Directions :: From the line containing "- Регулируемая ширина: 585-615 см." to the last line of the listing, both included, copy every line exactly and drop the pictures.

Information shown ::
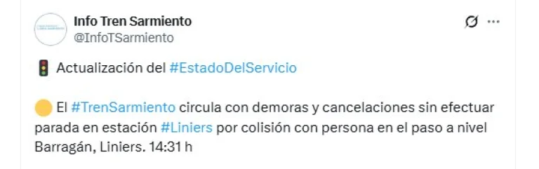 Desde la empresa estatal indicaron que "el Tren Sarmiento circula con demoras y cancelaciones sin efectuar parada en estación Liniers por colisión con persona en el paso a nivel Barragán, Liniers". Por el momento, se desconoce cuándo se normalizará el servicio.
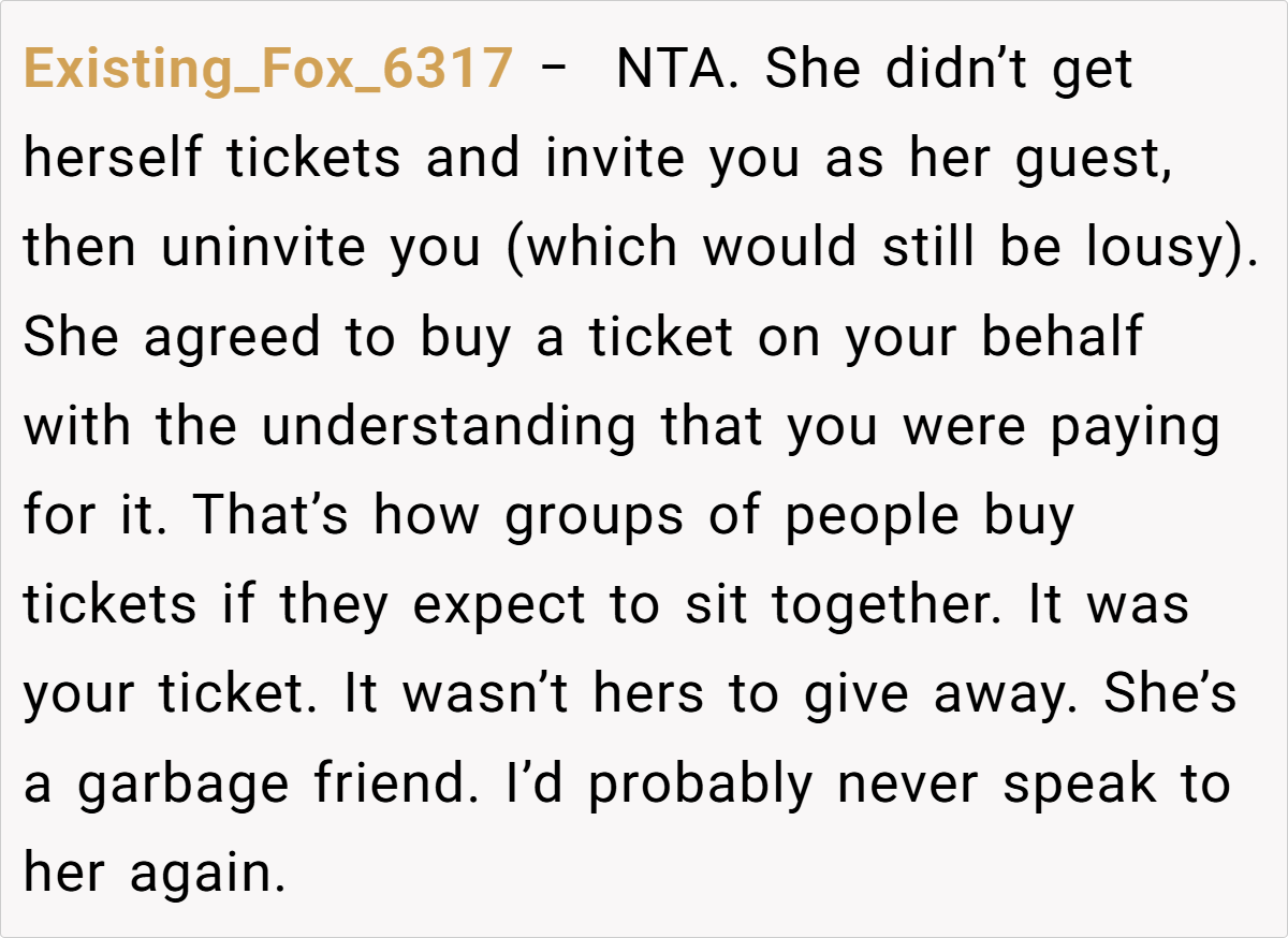 Letting a friend manage something as significant as concert tickets is not just about logistics—it speaks volumes about trust and mutual respect in any relationship. When agreements, especially those involving finances and cherished experiences, are abruptly altered, the underlying bond is put under severe strain. Miscommunication and unmet expectations can quickly escalate into a feeling of betrayal, as seen in this situation.
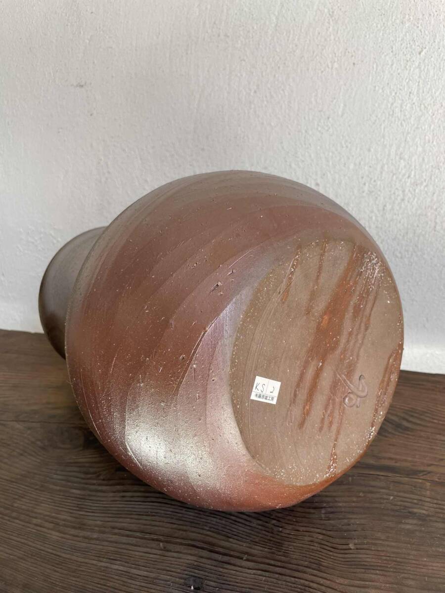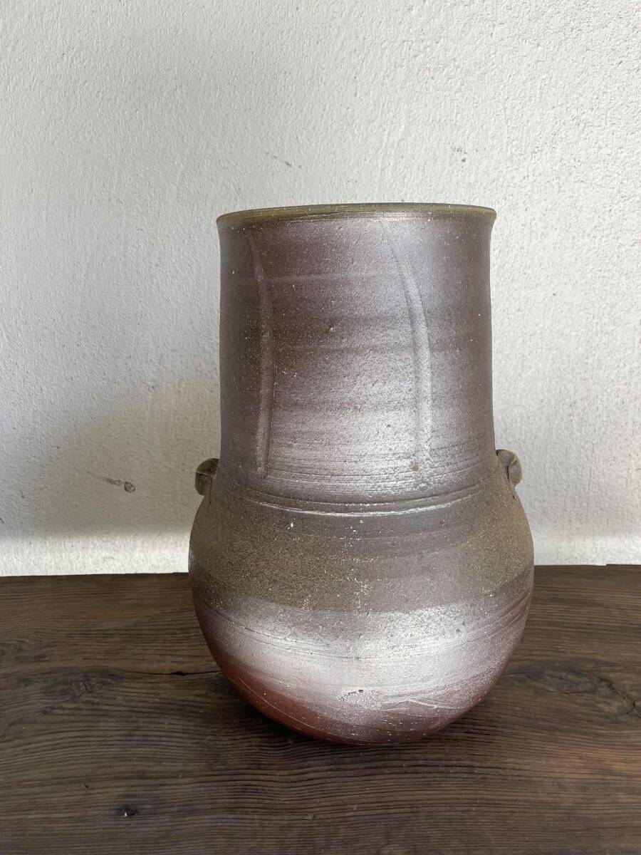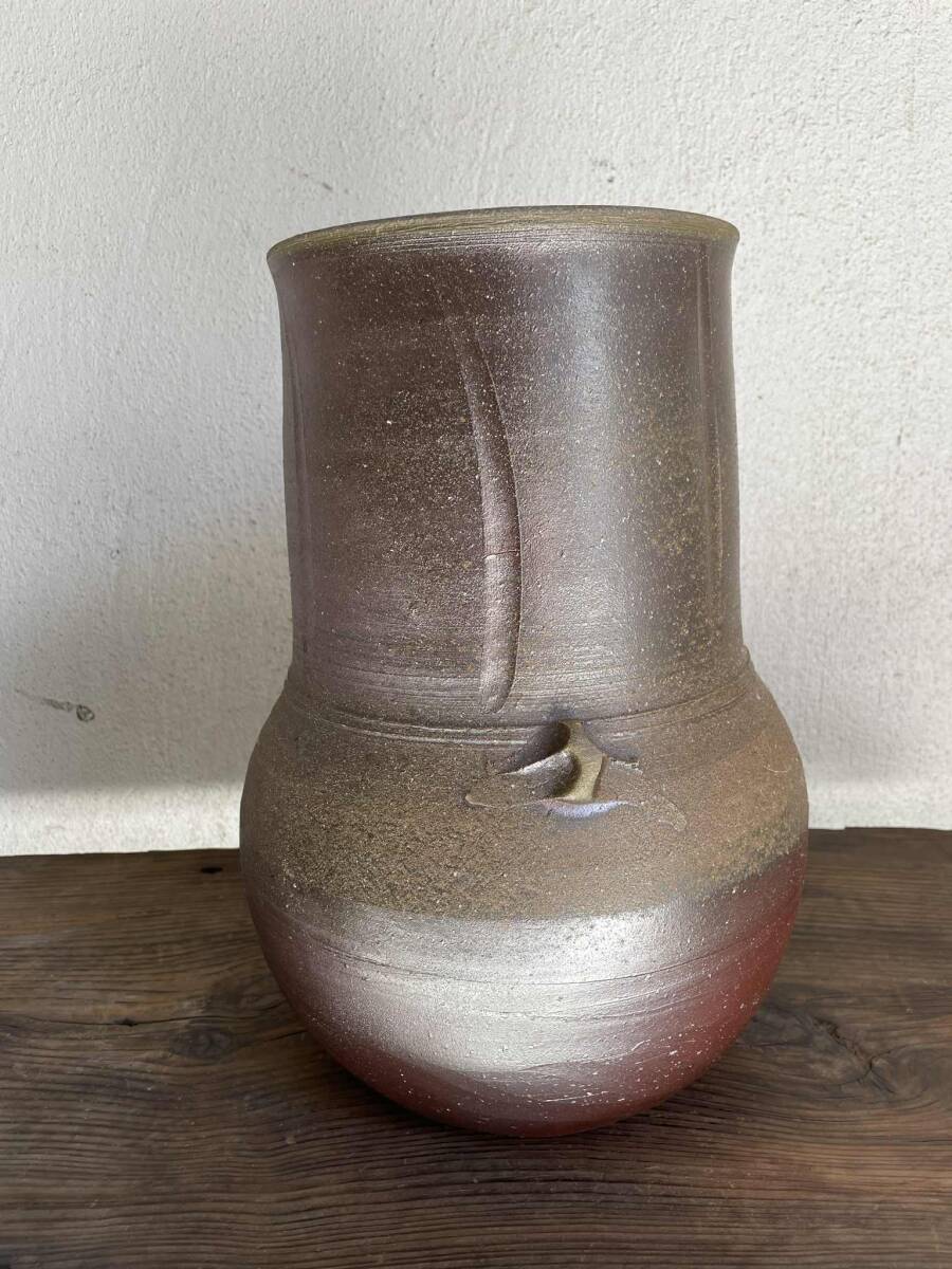 +--- 藤原和 擂座線文花器 備前 焼締---+
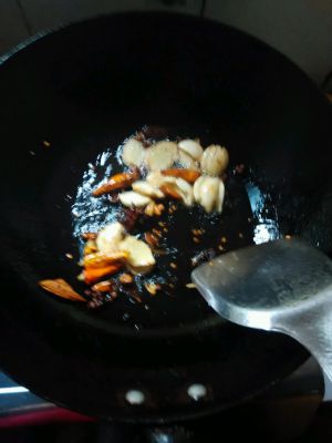 锅中加油,放入切好的蒜瓣,洋葱,尖椒爆香
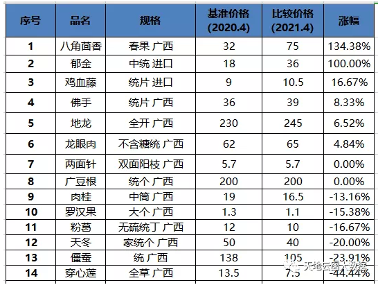 二、廣西核心中藥材漲跌情況
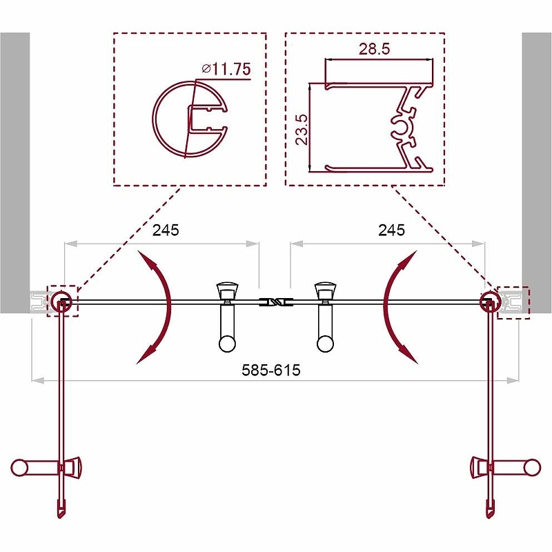 - Регулируемая ширина: 585-615 см.
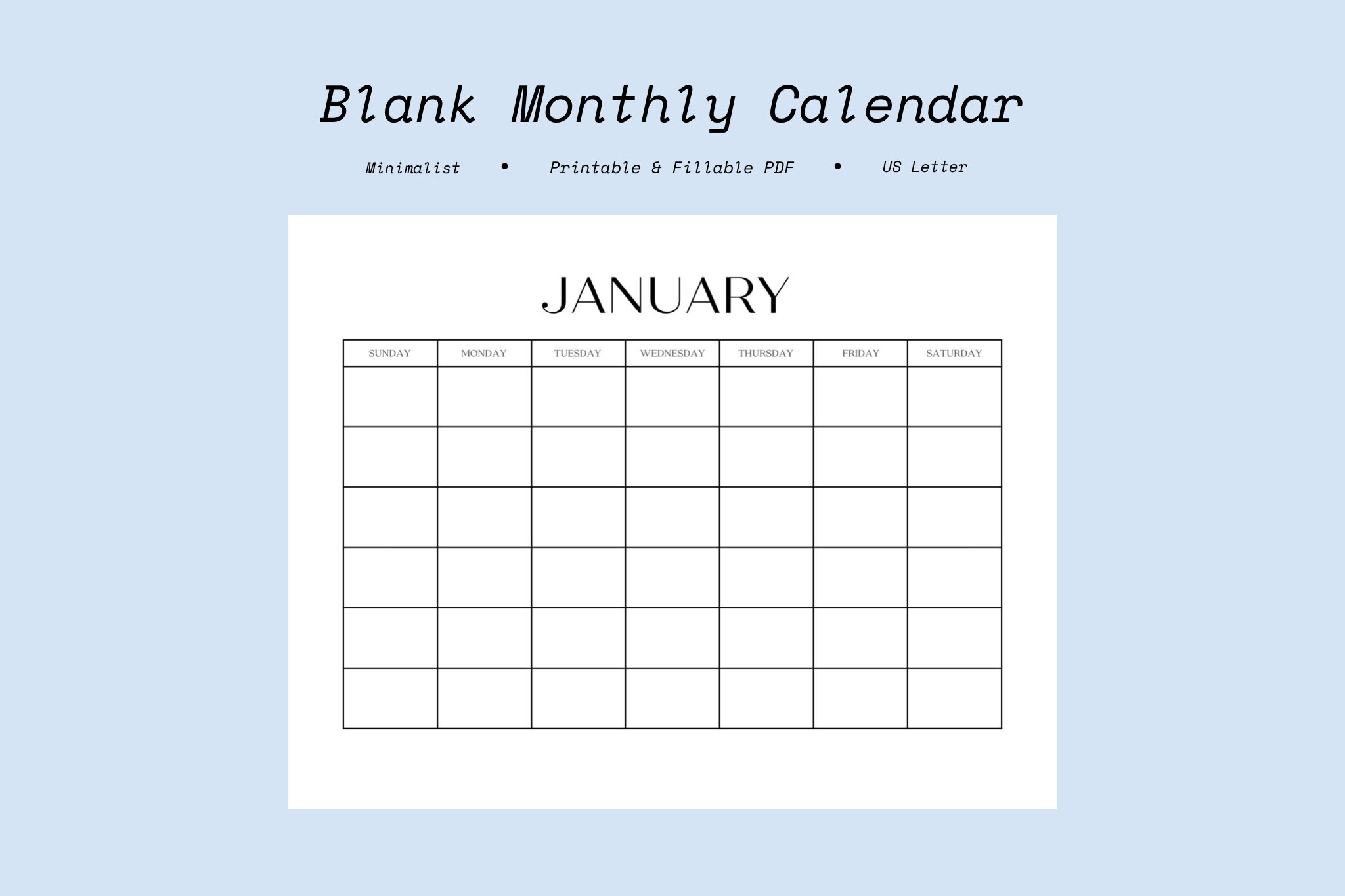 Blank Calendar Monthly Calendar Minimalist Printable Calendar

Answer for this exercise ::
 - Регулируемая ширина: 585-615 см.
 Blank Calendar Monthly Calendar Minimalist Printable Calendar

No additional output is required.